Методы количественной гистологии (морфометрия)

В современной гистологии значительный дополнительный объем ин­формации о гистологическом объекте можно получить при помощи коли­чественных методов. Наиболее простым количественным гистологическим исследованием является подсчет гистологических структур в поле зрения микроскопа или на единицу площади среза. К морфометрическим методам относится также определение размеров гистологических объектов с помо­щью окуляр-микрометра — специальной микролинейки, вставленной в окуляр микроскопа. С морфометрической целью используются и морфо-метрические сетки. На этих сетках имеются точки (узлы). Так, например, наиболее часто используемая морфометрическая сетка Г.Г. Антандилова представляет собой прямоугольник, разделенный на два квадрата. Один из квадратов разделен на 4 более мелких квадрата. В каждом из этих малых квадратов имеется по 25 точек (всего 100 точек). Неразделенный большой квадрат содержит 25 точек. При помощи морфометрической сетки можно определить объемные доли различных структур в гистологическом объекте. Для этого случайным образом накладывают сетку определенное число раз на срез ткани или органа в гистопрепарате и подсчитывают количество точек, выпадающих на различные структуры. Предположим, в препарате соедини­тельной ткани 10 точек выпало на клетки, а на межклеточное вещество при­шлось 90 точек. Следовательно, объемная доля межклеточного вещества 90%, а клеток — 10%. Все эти виды морфометрии называются ручной морфометрией.

В настоящее время существуют достаточно сложные приборы, которые позволяют автоматически производит!) количественные гистологические и гистохимические исследования. Это так называемые автоматизированные системы анализа изображений (АСАИз). В их состав входят: сканирующий световой или электронный микроскоп; видеокамера, которая осуществляет просмотр объекта по двум координатам, а затем следует преобразование его в цифровую форму; ЭВМ, которая обрабатывает полученную цифро­вую информацию и представляет данные о характеристиках исследуемого объекта.
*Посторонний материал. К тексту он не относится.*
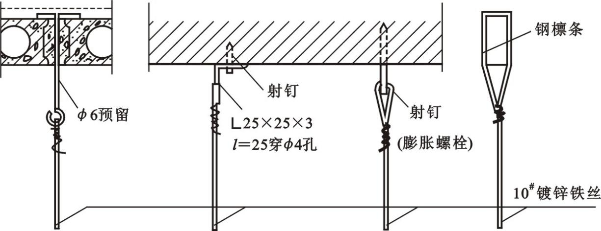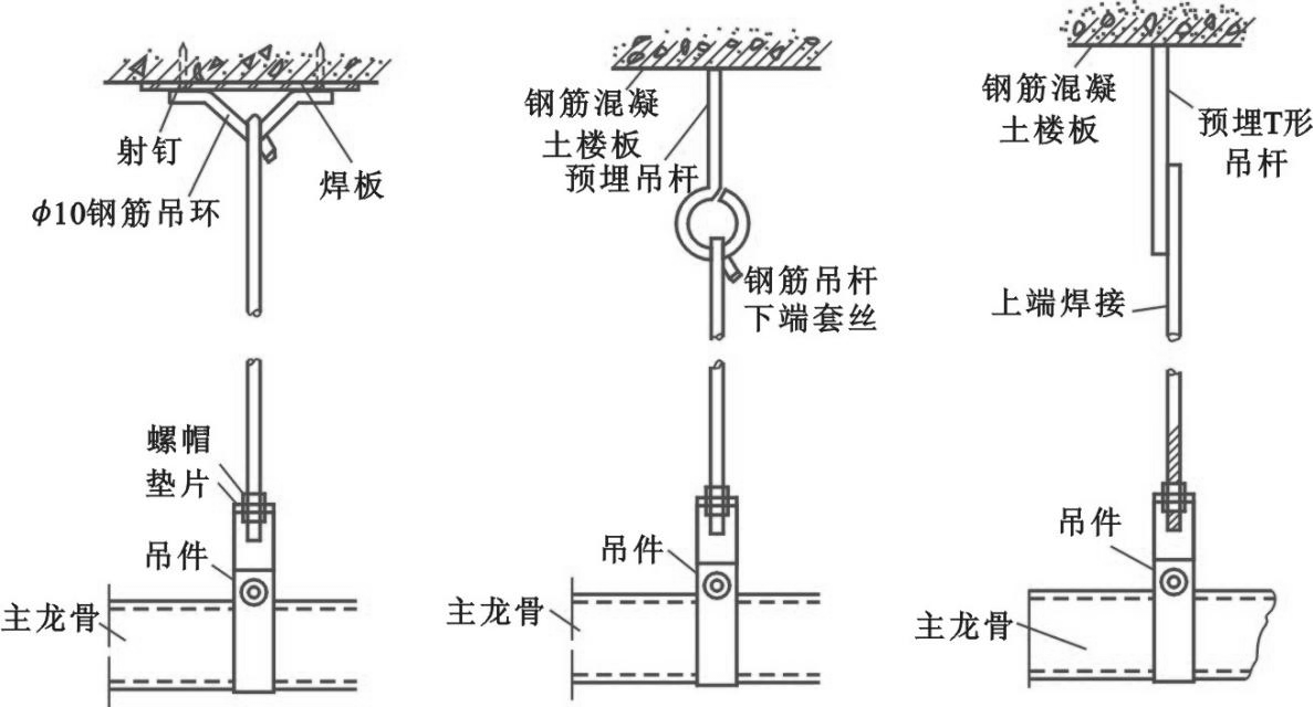 吊顶悬挂系统的形式较多,可视吊顶荷载要求及龙骨种类而定,图5.1为吊顶龙骨悬挂结构形式示例,其与结构层的吊点固定方式通常分上人型吊顶吊点和不上人型吊顶吊点两类,如图5.2、图5.3所示。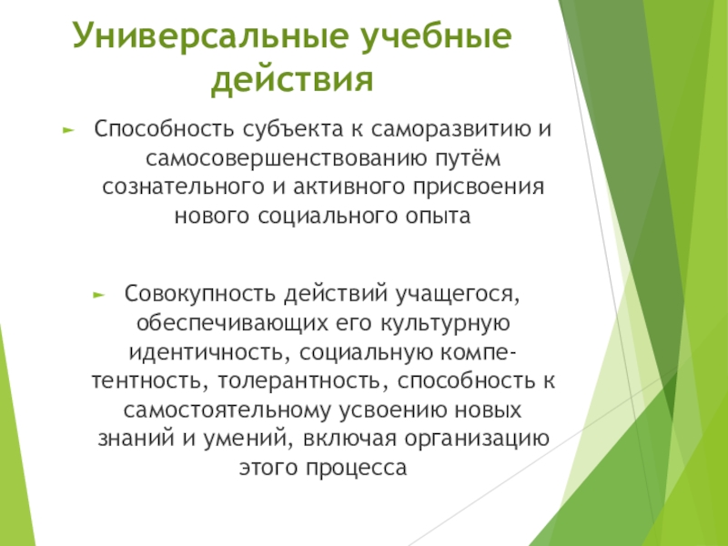 Совокупность действий учащегося, обеспечивающих его культурную идентичность, социальную компе-тентность, толерантность, способность к самостоятельному усвоению новых знаний и умений, включая организацию этого процесса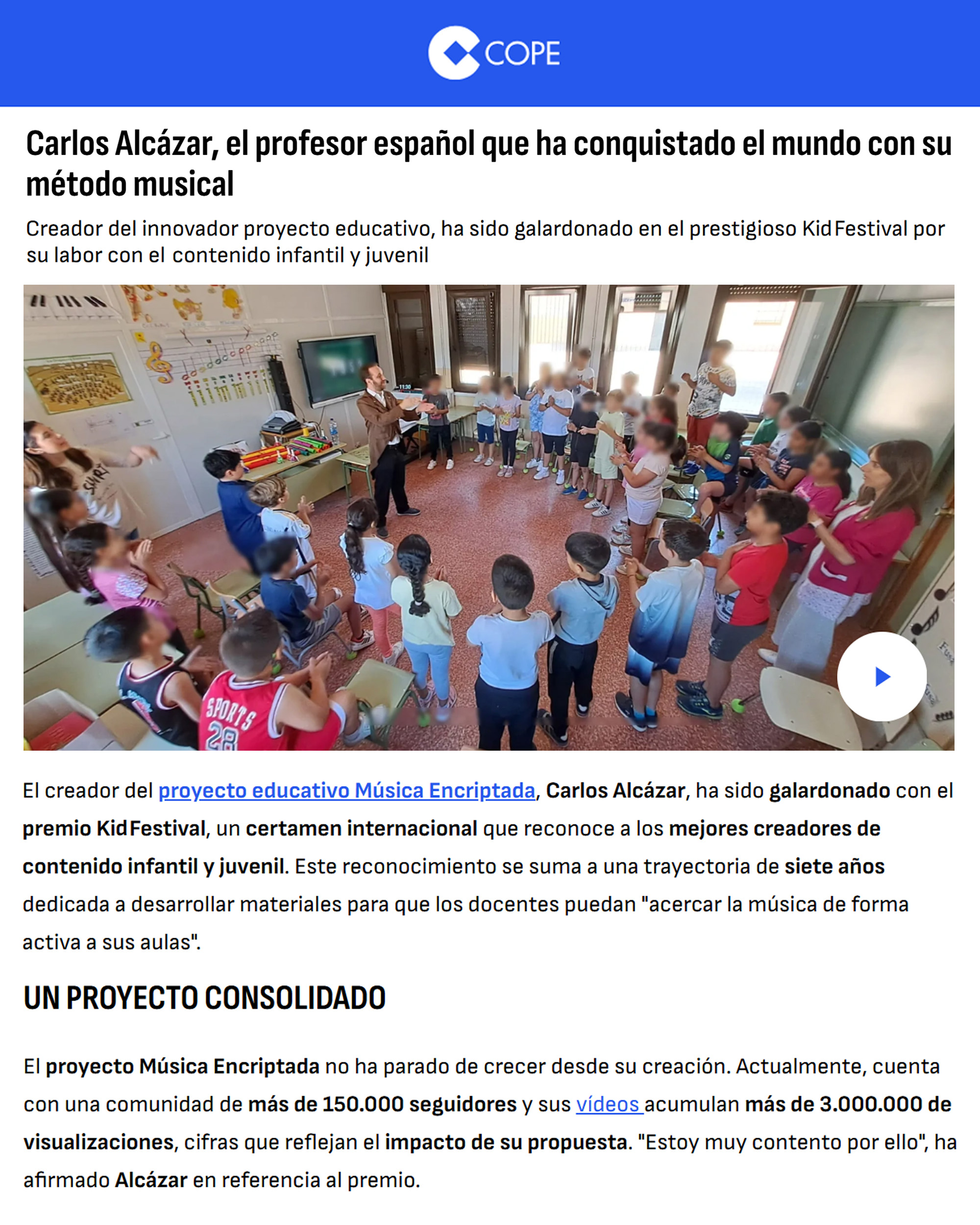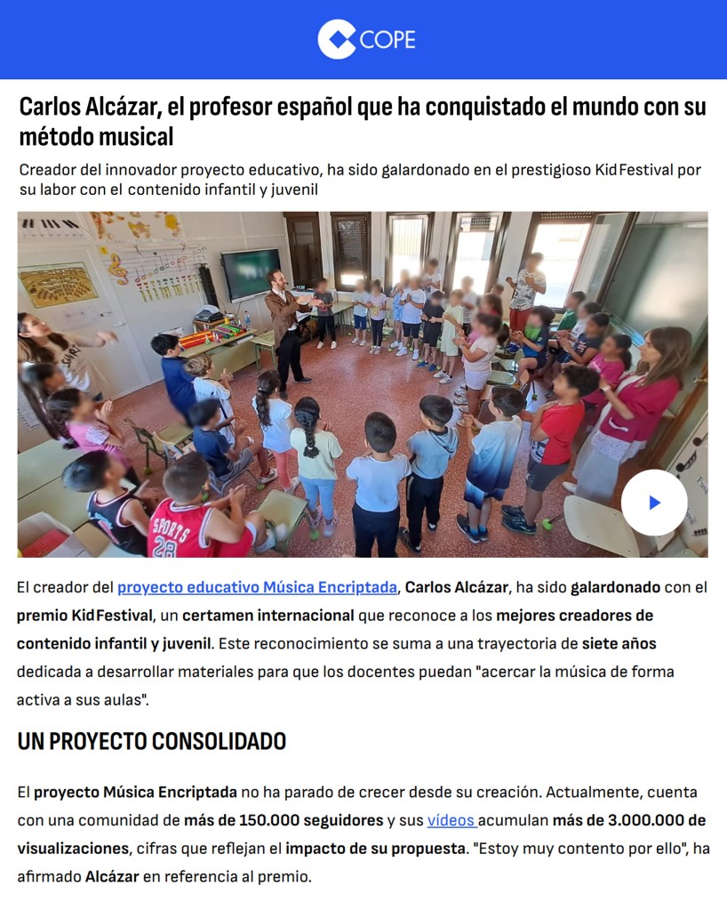 Este premio no es solo un reconocimiento al trabajo realizado, sino también a la idea de que la educación puede ser creativa, accesible y transformadora cuando se une la música con el aprendizaje. Me reafirma en que merece la pena seguir apostando por contenidos que conecten con niños, jóvenes y educadores desde la emoción y la curiosidad.

С помощью светового дисплея исследователь имеет возможность выделить только интересующие его структуры и получить о них цифро­вую информацию в виде гистограмм и т.д.

ЦИТОСПЕКТРОФОТОМЕТРИЯ

Это метод изучения химического состава клетки. Он основан на изби­рательном поглощении теми или иными веществами лучей с определен­ной длиной волны. По интенсивности поглощения (она зависит от кон­центрации вещества в клетке) определяют содержание этого вещества.

ЦИТОСПЕКТРОФЛУОРИМЕТРИЯ - это метод количественного изучения веществ в клетке по спектрам их флуоресценции.

ГИСТОЛОГИЧЕСКАЯ ТЕХНИКА

Гистологическая техника — это техника приготовления гистологического препарата. Гистологическим препаратом может быть срез органа, ткани, мазок, отпечаток, пленочный препарат, культура тканей. Во всех случаях гистологический препарат должен отвечать таким требованиям:

1. Быть прозрачным, т.е. пропускать поток света. Для этого изготав­ливают достаточно тонкие срезы органов, тканей, клеток.
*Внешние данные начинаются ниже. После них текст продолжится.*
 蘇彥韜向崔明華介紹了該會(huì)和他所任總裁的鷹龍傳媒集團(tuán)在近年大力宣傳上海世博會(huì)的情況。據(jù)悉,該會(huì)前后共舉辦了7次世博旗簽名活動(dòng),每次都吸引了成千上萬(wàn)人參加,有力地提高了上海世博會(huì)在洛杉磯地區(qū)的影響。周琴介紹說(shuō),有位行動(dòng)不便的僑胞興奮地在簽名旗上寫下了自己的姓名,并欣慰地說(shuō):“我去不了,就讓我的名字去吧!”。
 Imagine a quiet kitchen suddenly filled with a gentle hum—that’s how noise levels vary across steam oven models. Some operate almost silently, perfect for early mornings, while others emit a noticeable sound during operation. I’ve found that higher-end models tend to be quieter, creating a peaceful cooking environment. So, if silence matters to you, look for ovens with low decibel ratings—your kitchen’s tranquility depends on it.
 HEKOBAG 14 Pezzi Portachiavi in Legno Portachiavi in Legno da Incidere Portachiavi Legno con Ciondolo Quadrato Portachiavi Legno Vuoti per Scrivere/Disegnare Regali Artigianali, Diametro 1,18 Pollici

2. Быть контрастным, что достигается окрашиванием препарата.

3. Быть постоянным, т.е. сохраняться длительное время и служить в ка­честве своеобразного документа.
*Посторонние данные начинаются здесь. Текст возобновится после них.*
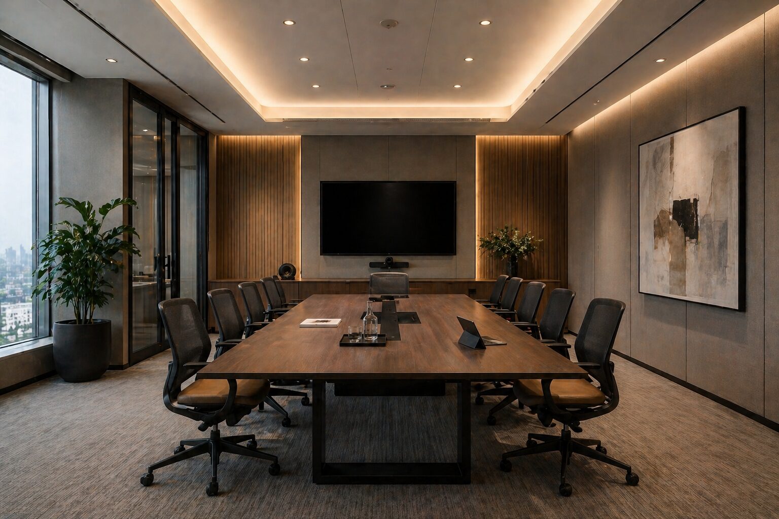 “Modern conference room, large meeting table, acoustic wall panels, soft indirect ceiling lighting, minimal design, professional atmosphere, realistic lighting simulation”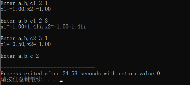 #include<math.h> #include<stdio.h> int main(){ float a,b,c,x1,x2; float delta,real,imag; printf("Enter a,b,c"); while(scanf("%f%f%f",&a,&b,&c)!=EOF){ if(a==0) printf("not quadratic equation.\n\n"); else{ delta=b*b-4*a*c; if(delta>=0){ x1=(-b+sqrt(delta))/(2*a); x2=(-b-sqrt(delta))/(2*a); printf("x1=%.2f,x2=%.2f\n\n",x1,x2); } else{ real=-b/(2*a); imag=sqrt(-delta)/(2*a); printf("x1=%.2f+%.2fi,x2=%.2f-%.2fi\n\n",real,imag,real,imag); } } printf("Enter a,b,c"); } return 0; }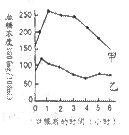 5、选择题 正常人空腹时,100mL血液中含葡萄糖约80~120mg。甲、乙两人分别口服100g葡萄糖液后,连续测其血糖浓度的变化如右图。下列有关叙述最合理的是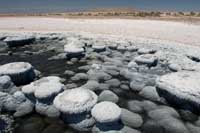 Cortez relata que el sitio era de una belleza extrema, ya que se habían formado estromatolitos o alfombras de piedras. Son rocas sedimentarias conformadas por células fosilizadas. Éstas crecen mediante capas superpuestas formadas muy lentamente por las cianobacterias.

Все эти требования к гистологическому препарату и выполняются в ходе гистологической техники.

Гистологическая техника включает в себя несколько этапов: 1. Взятие материала:

— во время операции;

— от трупов;

— от экспериментальных животных;

— путем пункционной биопсии;

— взятие крови, красного костного мозга путем пункции;

— приготовление отпечатков (с полости рта, влагалища и др.). 2. Фиксация материала.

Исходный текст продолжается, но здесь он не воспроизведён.